Stored items
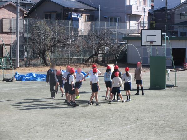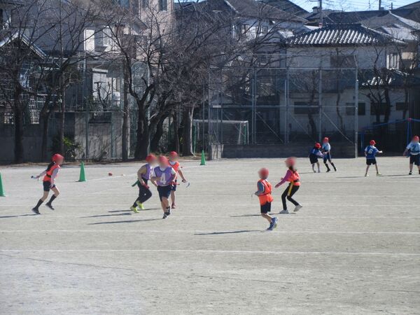 校庭で4年生が体育でタグラグビ―に取り組んでいました。どうすれば、タグを取られないか、どうすれば取れるかを考えながら、仲よく活動していました。
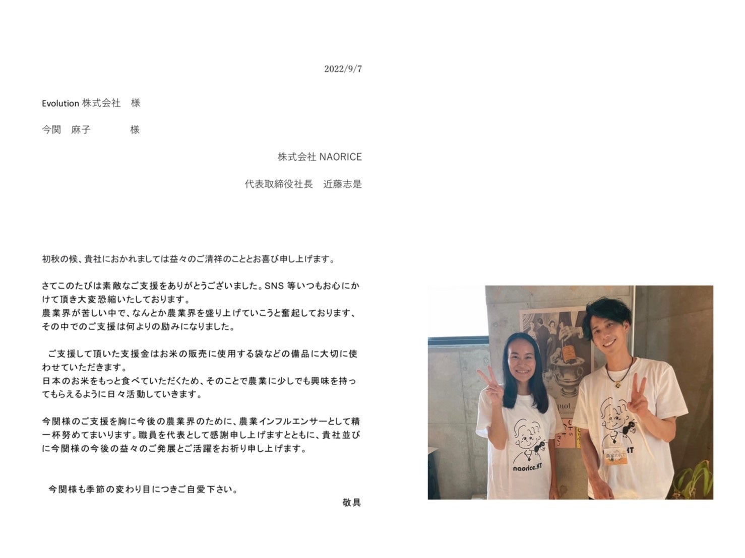 集まった農家支援金をお米農家(株)NAO RICEさんへお贈りしました
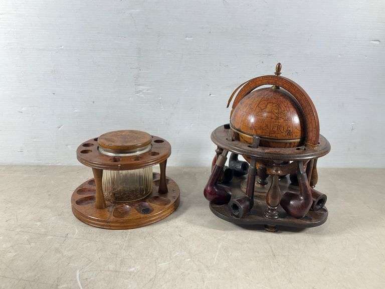 A globe-shaped pipe holder with compartments for 8 pipes, featuring a hinged lid that opens to reveal an internal tobacco storage container, showing a map design. Accompanied by a round pipe stand with glass jar for tobacco storage and multiple pipe slots.
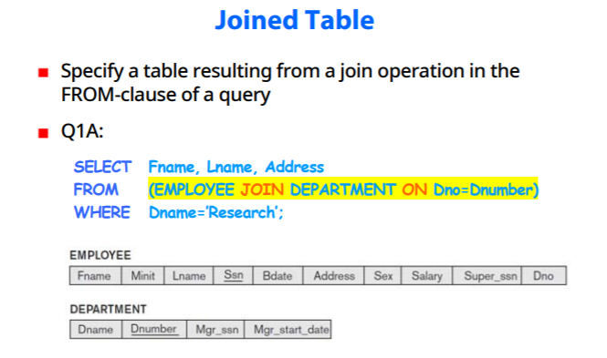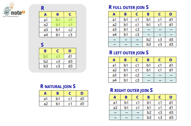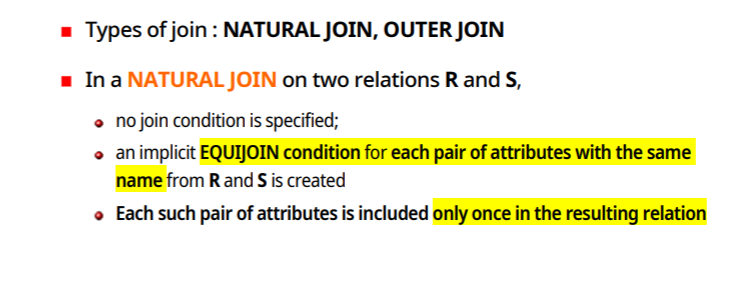 -JOIN을 하는 비교연산자가 '=' 인걸 EQUIJOIN이라 한다. -NATURAL JOIN은 이것의 특별한 형태이며 만약 두 테이블이 NATURAL JOIN이라면 attibutes 이름이 같은 것들은 튜플 내용이 동등해야한다. -결과에서도 어짜피 같기 때문에 attribute 집합이 한번만 나온다-.
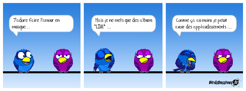 Case 1:Bird 1: J'adore faire l'amour en musique .. | Case 2: Bird 1: Mais je ne mets que des albums "LIVE" ... | Case 3: Bird 1: Comme ça au moins je peux avoir des applaudissements ...
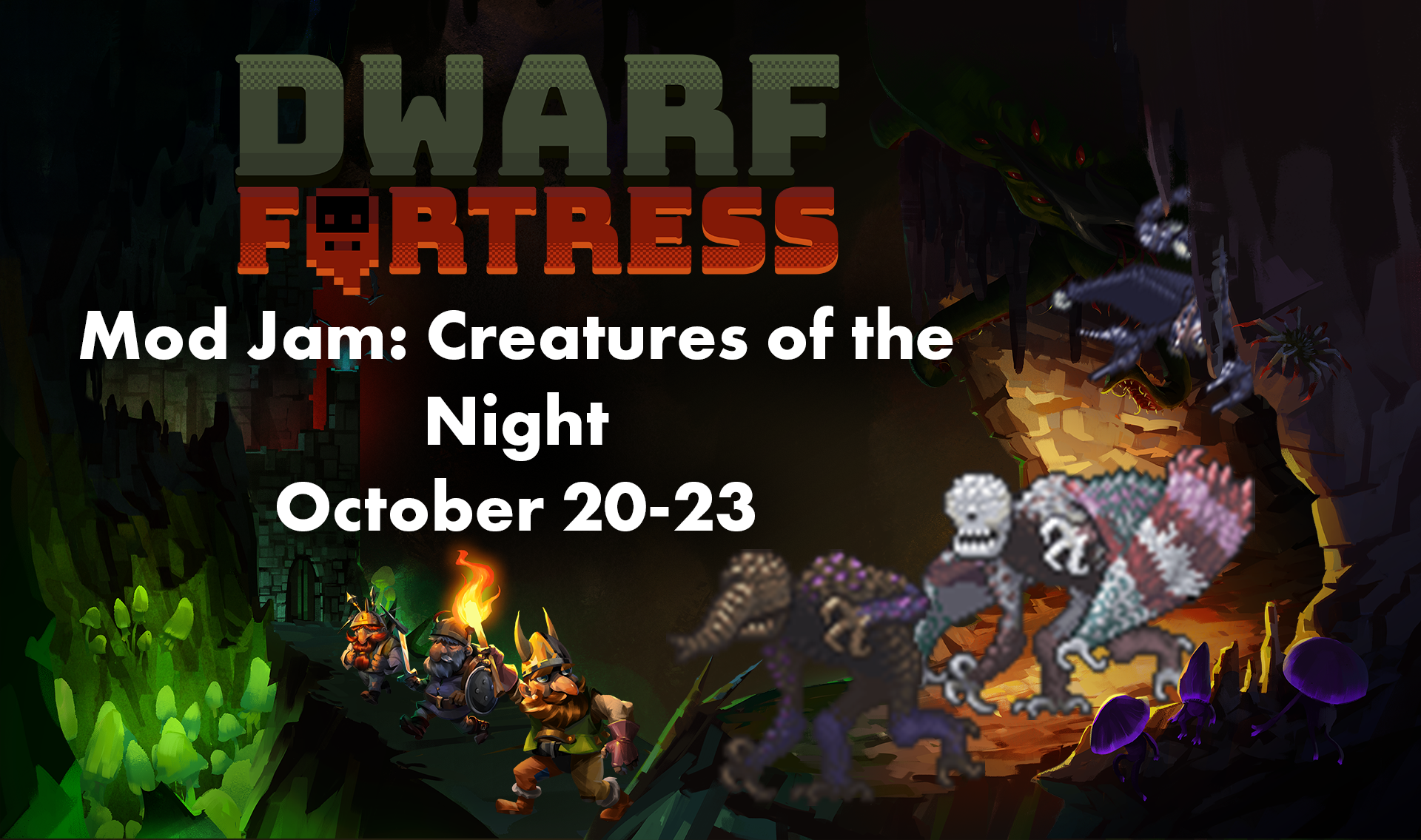 Inspired by the Caves of Qud mod jam and Titan fest, this three day jam is designed to be a beginner friendly way to try out modding in DF. Experienced modders are challenged to embrace the theme and experiment with lua. The jam will start on October 20-23rd with a showcase stream celebrating the entries on October 29th. Because it is so close to Halloween, the theme of the jam will be “Creatures of the Night” so we encourage mods with flavourful and fearsome monsters that suit the world of Dwarf Fortress. To register for the jam and more information please [url=https://itch.io/jam/creatures-of-the-night]go to the jam page on itch.io. [/url]
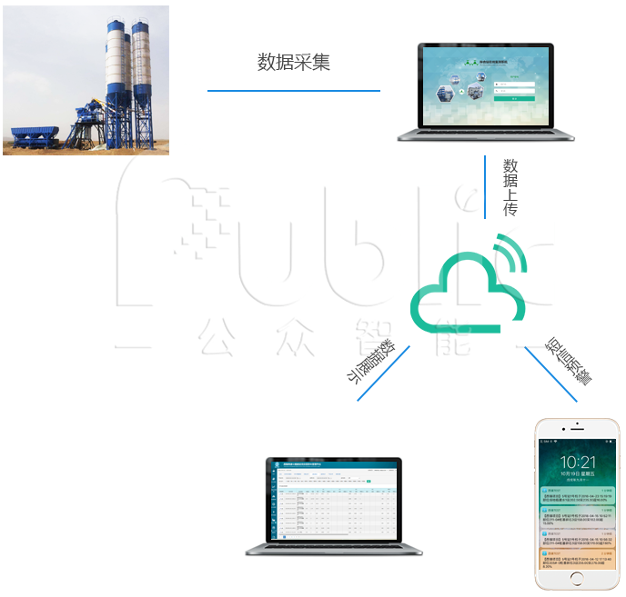 拌合站全过程动态监控系统是我们交通施工信息化综合平台的一个子系统,通过拌合站控制电脑上的安装数据采集工具,将拌合站生产数据进行实时采集,系统对数据进行统计、分析和预警,将相关数据推送到手机APP或通过短信发送至相关人员,也可以通过浏览器在PC端对产量数据、材料用量、拌合时间、超标情况等进行查询。
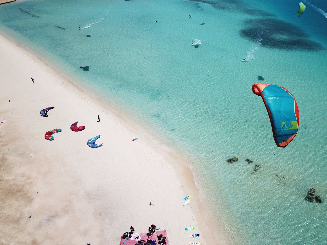 - Noleggio Kite (se non hai la tua attrezzatura, puoi affittare un set completo di 3 kite, tavola e trapezio per 250€ per la settimana)

## Task statement:
Repeat the records above exactly, leaving out any pictures they contain.

## The completed task:
 校庭で4年生が体育でタグラグビ―に取り組んでいました。どうすれば、タグを取られないか、どうすれば取れるかを考えながら、仲よく活動していました。
 集まった農家支援金をお米農家(株)NAO RICEさんへお贈りしました
 A globe-shaped pipe holder with compartments for 8 pipes, featuring a hinged lid that opens to reveal an internal tobacco storage container, showing a map design. Accompanied by a round pipe stand with glass jar for tobacco storage and multiple pipe slots.
 -JOIN을 하는 비교연산자가 '=' 인걸 EQUIJOIN이라 한다. -NATURAL JOIN은 이것의 특별한 형태이며 만약 두 테이블이 NATURAL JOIN이라면 attibutes 이름이 같은 것들은 튜플 내용이 동등해야한다. -결과에서도 어짜피 같기 때문에 attribute 집합이 한번만 나온다-.
 Case 1:Bird 1: J'adore faire l'amour en musique .. | Case 2: Bird 1: Mais je ne mets que des albums "LIVE" ... | Case 3: Bird 1: Comme ça au moins je peux avoir des applaudissements ...
 Inspired by the Caves of Qud mod jam and Titan fest, this three day jam is designed to be a beginner friendly way to try out modding in DF. Experienced modders are challenged to embrace the theme and experiment with lua. The jam will start on October 20-23rd with a showcase stream celebrating the entries on October 29th. Because it is so close to Halloween, the theme of the jam will be “Creatures of the Night” so we encourage mods with flavourful and fearsome monsters that suit the world of Dwarf Fortress. To register for the jam and more information please [url=https://itch.io/jam/creatures-of-the-night]go to the jam page on itch.io. [/url]
 拌合站全过程动态监控系统是我们交通施工信息化综合平台的一个子系统,通过拌合站控制电脑上的安装数据采集工具,将拌合站生产数据进行实时采集,系统对数据进行统计、分析和预警,将相关数据推送到手机APP或通过短信发送至相关人员,也可以通过浏览器在PC端对产量数据、材料用量、拌合时间、超标情况等进行查询。
 - Noleggio Kite (se non hai la tua attrezzatura, puoi affittare un set completo di 3 kite, tavola e trapezio per 250€ per la settimana)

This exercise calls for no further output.